I'm gonna be building a new box, something around 24"x16"x36-48"

If anyone could give some feedback and pros/cons/quality on these set-ups it would be great, trying to stay under $100. I know it may be somewhat hotter with the enclosed ballast, but I should be able to control that with whatever fan I get. Another other suggestions are appreciated as well 
*
HTG 150watt enclosed ballast w/ glass:*
hXXp://cgi.ebay.com/150-Watt-COMPLETE-HPS-GROW-LIGHT-System-150w-w-GLASS-/120647898757?pt=LH_DefaultDomain_0&hash=item1c172cd685

*Sun System 2 150watt enclosed ballast:*
hXXp://www.amazon.com/Sun-System-Watt-Reflector-Ballast/dp/B00269RWQI

*HTG 150watt with remote ballast:*
hXXp://www.htgsupply.com/Product-HTGSupply-150-watt-High-Pressure-Sodium-Grow-Light.asp


----------



## rotten_socks420 (Mar 25, 2011)

Im not to sure ive always gotten Sun Supply products, I would probably go with the first or last one tho, ive never owened a enclosed ballast before.


----------



## burner (Mar 25, 2011)

Thanks, I'm do like the HTG with the glass and the 2nd HTG with the remote ballast, does anyone know of the quality of that HTG ballast?


----------



## Roddy (Mar 25, 2011)

Can I ask, why two lights for that area?


----------



## The Hemp Goddess (Mar 25, 2011)

I would make the space as tall as possible--go with 48" instead of 36"--you won't regret it.

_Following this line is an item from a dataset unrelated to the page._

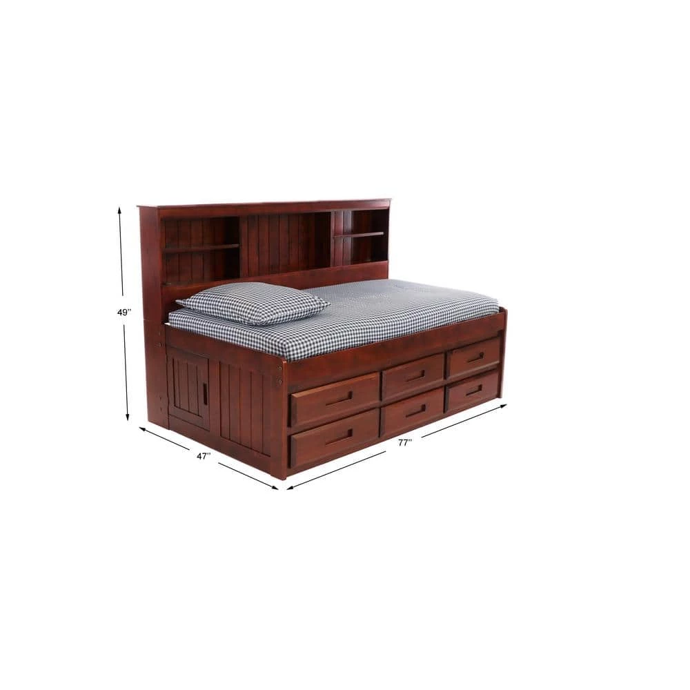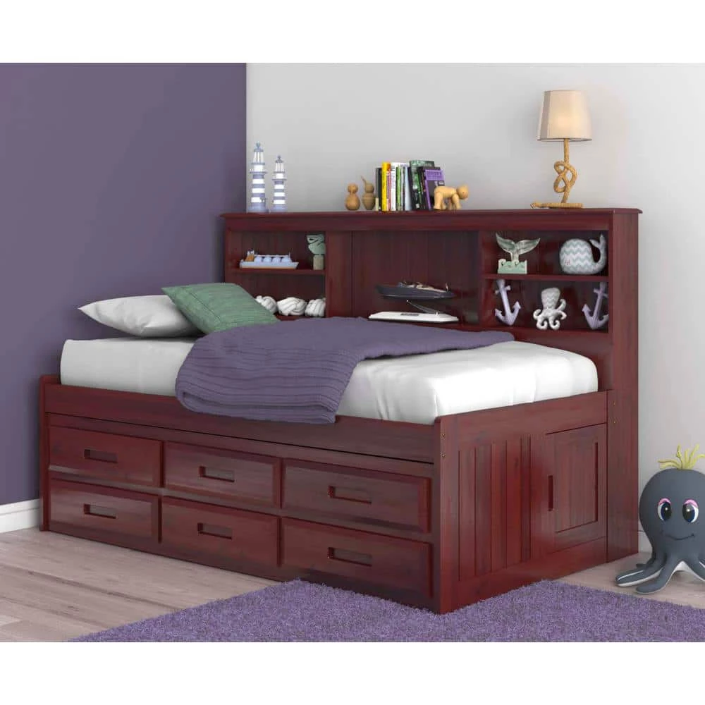 Add class to your child’s bedroom with this twin size bookcase headboard daybed in a rich merlot finish! The ready-to-assemble unit provides loads of storage with the six-drawer pedestal and underbed storage accessible from either end of the bed. Quality and solid wood construction makes this bookcase daybed a great purchase.

Are you at all handy?  If so you may want to check out getting a 150W HPS yard light and converting it to a cool tube grow light.  If you are not handy and want a "plug and play", I would go with an air cooled hood with glass, even if the ballast was enclosed.


----------



## burner (Mar 26, 2011)

Hemp godess, im pretty handy, were you thinking of something like this? hxxp://www.prolighting.com/credtda150nlxl-1.html

Roddy, I'm only going to be using one light, I'm just comparing them


----------



## burner (Mar 26, 2011)

I was just looking at your diy 150 watt cool tube and found this on the link you posted: hxxp://www.e-conolight.com/dusk-to-dawn/dusk-to-dawn-mounting-arm/e-dd1h151.html

So basically I'm disconnecting the light and sealing back up the housing and ballast and using that as a remote ballast? 

If I could get that fixture for that price or cheaper, plus $20-$30 for a diy cool tube, that may be the way to go...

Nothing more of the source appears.